» Record set
----------------

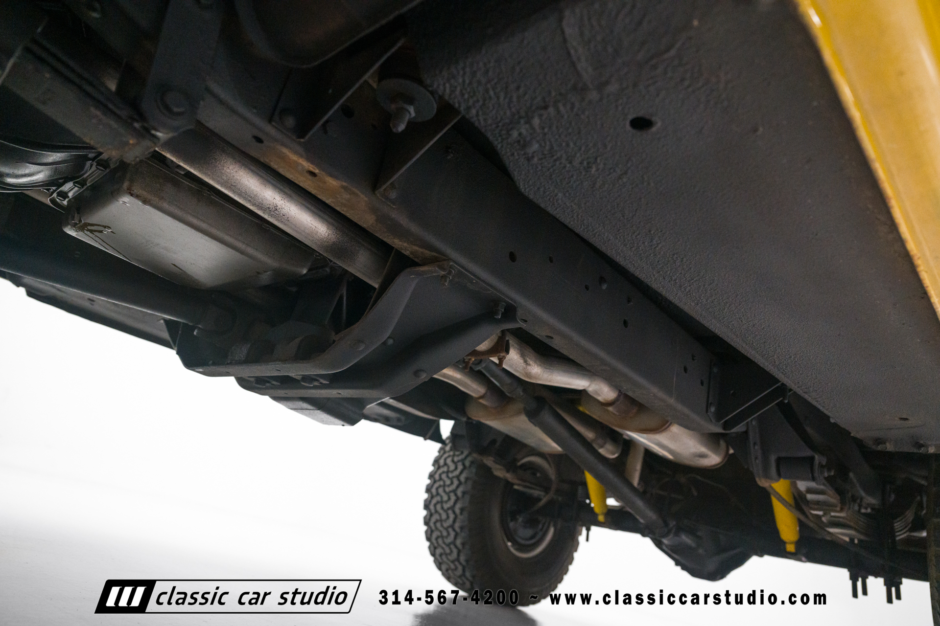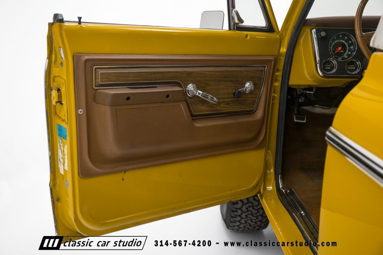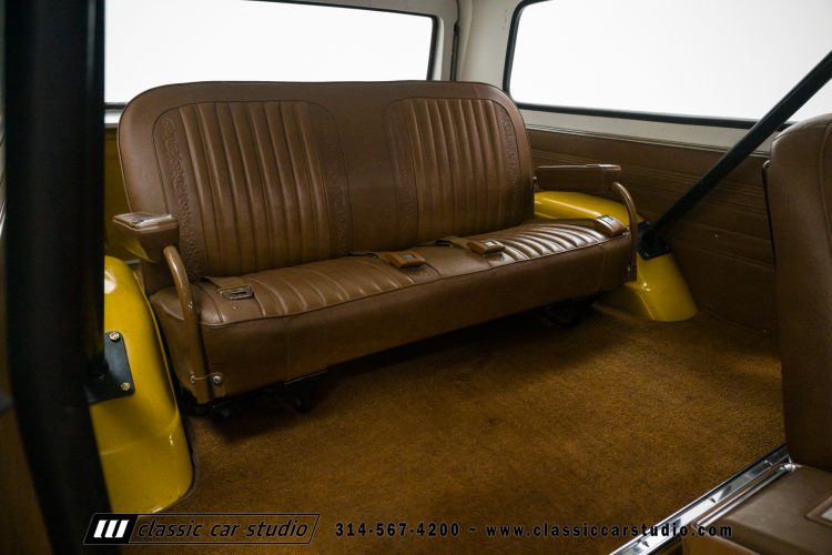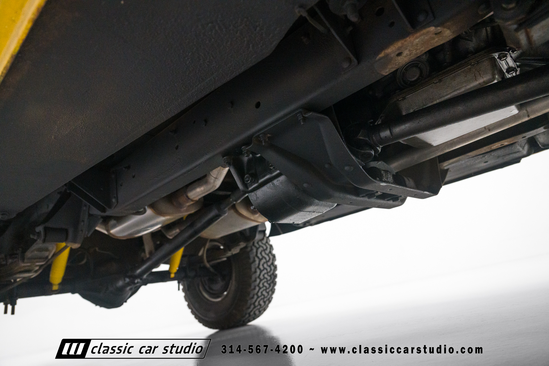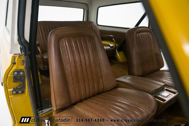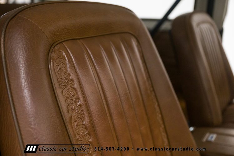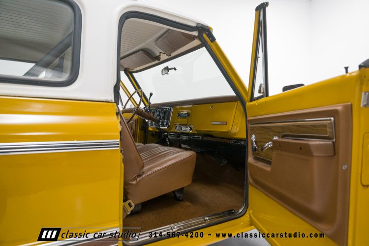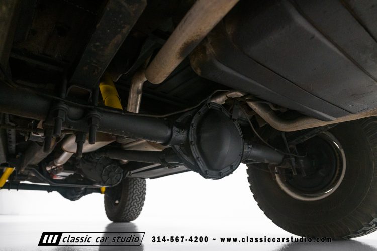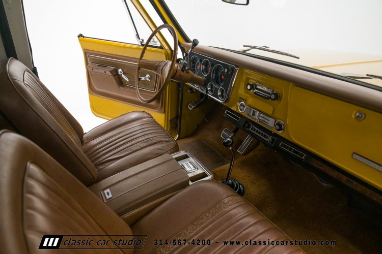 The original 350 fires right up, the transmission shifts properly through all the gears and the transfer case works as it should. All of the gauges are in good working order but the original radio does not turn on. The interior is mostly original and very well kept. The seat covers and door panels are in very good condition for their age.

----------------

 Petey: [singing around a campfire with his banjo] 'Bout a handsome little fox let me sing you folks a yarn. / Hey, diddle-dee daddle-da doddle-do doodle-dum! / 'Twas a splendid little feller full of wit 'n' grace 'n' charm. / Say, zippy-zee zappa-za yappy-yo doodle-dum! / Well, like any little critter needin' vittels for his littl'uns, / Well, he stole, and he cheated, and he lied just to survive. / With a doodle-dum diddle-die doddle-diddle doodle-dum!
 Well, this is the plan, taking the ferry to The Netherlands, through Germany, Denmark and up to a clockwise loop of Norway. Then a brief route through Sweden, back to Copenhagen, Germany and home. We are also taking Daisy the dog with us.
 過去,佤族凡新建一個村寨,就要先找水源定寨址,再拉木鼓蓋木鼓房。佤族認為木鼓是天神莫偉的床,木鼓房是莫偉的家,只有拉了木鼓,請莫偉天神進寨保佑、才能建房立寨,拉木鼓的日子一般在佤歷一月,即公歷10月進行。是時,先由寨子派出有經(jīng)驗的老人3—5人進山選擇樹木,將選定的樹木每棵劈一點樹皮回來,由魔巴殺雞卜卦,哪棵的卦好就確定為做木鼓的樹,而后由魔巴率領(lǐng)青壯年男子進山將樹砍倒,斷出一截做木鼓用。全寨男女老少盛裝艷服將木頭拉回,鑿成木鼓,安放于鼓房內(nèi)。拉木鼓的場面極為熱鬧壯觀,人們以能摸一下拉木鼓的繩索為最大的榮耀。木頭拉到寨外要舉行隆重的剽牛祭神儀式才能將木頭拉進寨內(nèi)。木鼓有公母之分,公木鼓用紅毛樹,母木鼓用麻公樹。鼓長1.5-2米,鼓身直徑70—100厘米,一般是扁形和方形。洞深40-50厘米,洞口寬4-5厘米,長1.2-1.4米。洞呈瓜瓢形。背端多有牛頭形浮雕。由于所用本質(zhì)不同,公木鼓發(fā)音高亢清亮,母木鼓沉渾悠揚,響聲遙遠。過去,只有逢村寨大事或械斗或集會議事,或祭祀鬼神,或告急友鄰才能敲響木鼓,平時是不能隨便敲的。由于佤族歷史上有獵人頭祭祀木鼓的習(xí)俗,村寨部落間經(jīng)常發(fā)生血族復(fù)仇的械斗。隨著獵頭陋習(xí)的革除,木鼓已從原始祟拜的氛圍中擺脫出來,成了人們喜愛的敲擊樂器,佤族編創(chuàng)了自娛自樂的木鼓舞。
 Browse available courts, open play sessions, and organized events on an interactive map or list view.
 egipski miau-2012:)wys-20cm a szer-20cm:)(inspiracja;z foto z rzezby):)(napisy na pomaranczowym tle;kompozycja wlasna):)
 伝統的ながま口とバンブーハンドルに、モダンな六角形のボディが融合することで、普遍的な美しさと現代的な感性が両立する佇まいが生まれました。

----------------

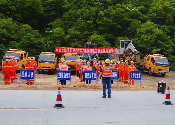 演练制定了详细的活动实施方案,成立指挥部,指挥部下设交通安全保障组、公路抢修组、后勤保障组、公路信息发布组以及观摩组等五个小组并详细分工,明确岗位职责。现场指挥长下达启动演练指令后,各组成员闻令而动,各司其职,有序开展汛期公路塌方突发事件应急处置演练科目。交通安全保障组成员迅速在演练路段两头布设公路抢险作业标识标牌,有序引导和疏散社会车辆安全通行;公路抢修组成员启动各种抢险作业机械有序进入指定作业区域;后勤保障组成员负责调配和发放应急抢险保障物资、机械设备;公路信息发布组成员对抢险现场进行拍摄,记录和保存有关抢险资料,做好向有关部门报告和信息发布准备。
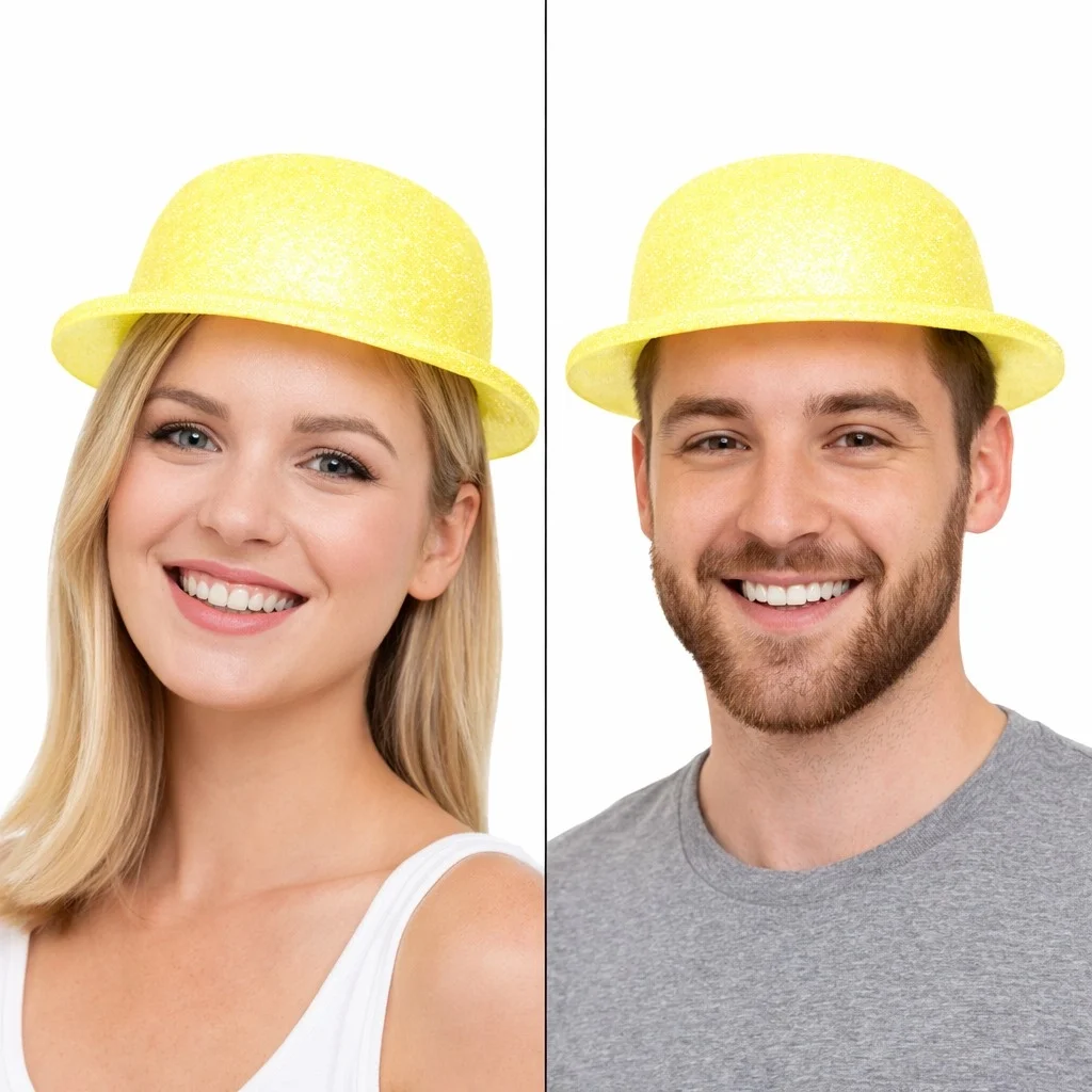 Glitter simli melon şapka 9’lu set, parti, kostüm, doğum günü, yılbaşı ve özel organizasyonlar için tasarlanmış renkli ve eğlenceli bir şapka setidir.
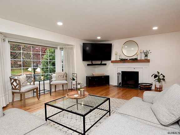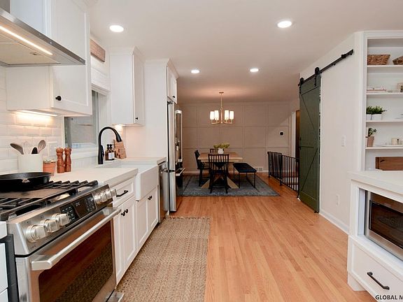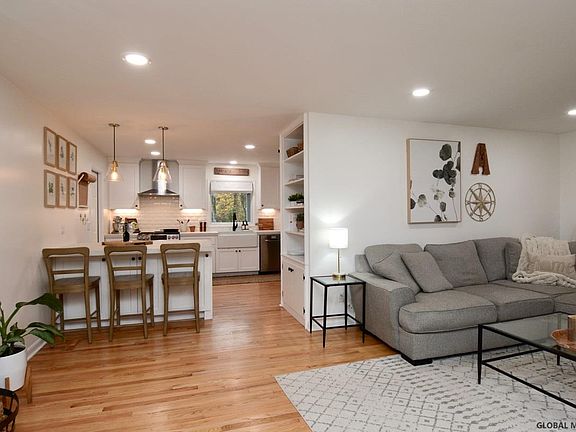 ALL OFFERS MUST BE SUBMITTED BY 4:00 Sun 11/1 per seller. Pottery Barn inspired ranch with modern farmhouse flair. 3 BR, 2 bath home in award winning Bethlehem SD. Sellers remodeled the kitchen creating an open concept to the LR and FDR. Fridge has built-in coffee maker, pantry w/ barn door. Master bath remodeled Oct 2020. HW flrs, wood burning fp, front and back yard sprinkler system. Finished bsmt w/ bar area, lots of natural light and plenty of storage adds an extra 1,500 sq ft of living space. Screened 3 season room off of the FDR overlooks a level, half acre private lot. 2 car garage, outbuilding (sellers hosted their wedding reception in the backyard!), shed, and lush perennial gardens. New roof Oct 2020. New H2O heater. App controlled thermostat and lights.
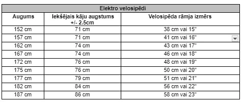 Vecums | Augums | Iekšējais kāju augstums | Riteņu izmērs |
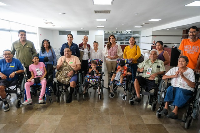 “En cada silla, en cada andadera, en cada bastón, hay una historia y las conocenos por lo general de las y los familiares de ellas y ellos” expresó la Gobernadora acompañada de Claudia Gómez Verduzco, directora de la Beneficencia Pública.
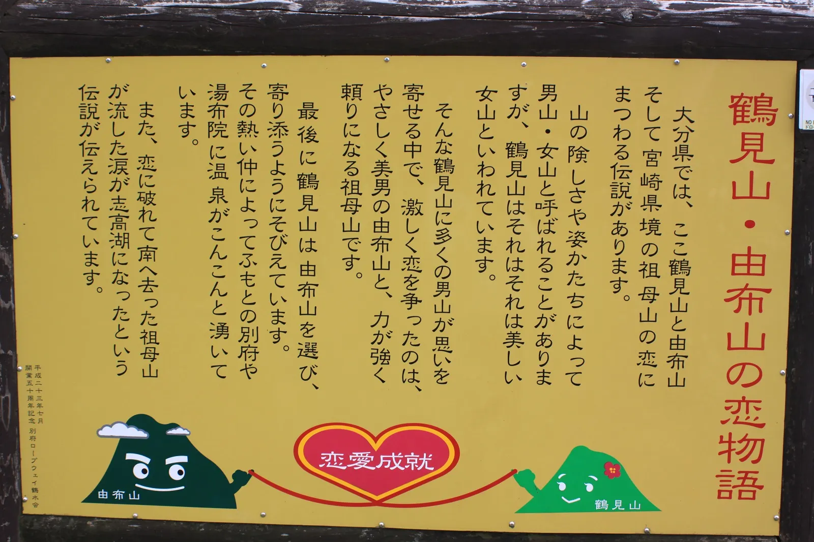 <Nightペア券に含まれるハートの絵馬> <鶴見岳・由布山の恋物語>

----------------

» Assignment
Return only the stretch above from the line containing "Vecums | Augums" through the line containing "<Nightペア券に含まれるハートの絵馬> <鶴見岳・由布山の恋物語>", word for word and without pictures.

» Response to the exercise
 Vecums | Augums | Iekšējais kāju augstums | Riteņu izmērs |
 “En cada silla, en cada andadera, en cada bastón, hay una historia y las conocenos por lo general de las y los familiares de ellas y ellos” expresó la Gobernadora acompañada de Claudia Gómez Verduzco, directora de la Beneficencia Pública.
 <Nightペア券に含まれるハートの絵馬> <鶴見岳・由布山の恋物語>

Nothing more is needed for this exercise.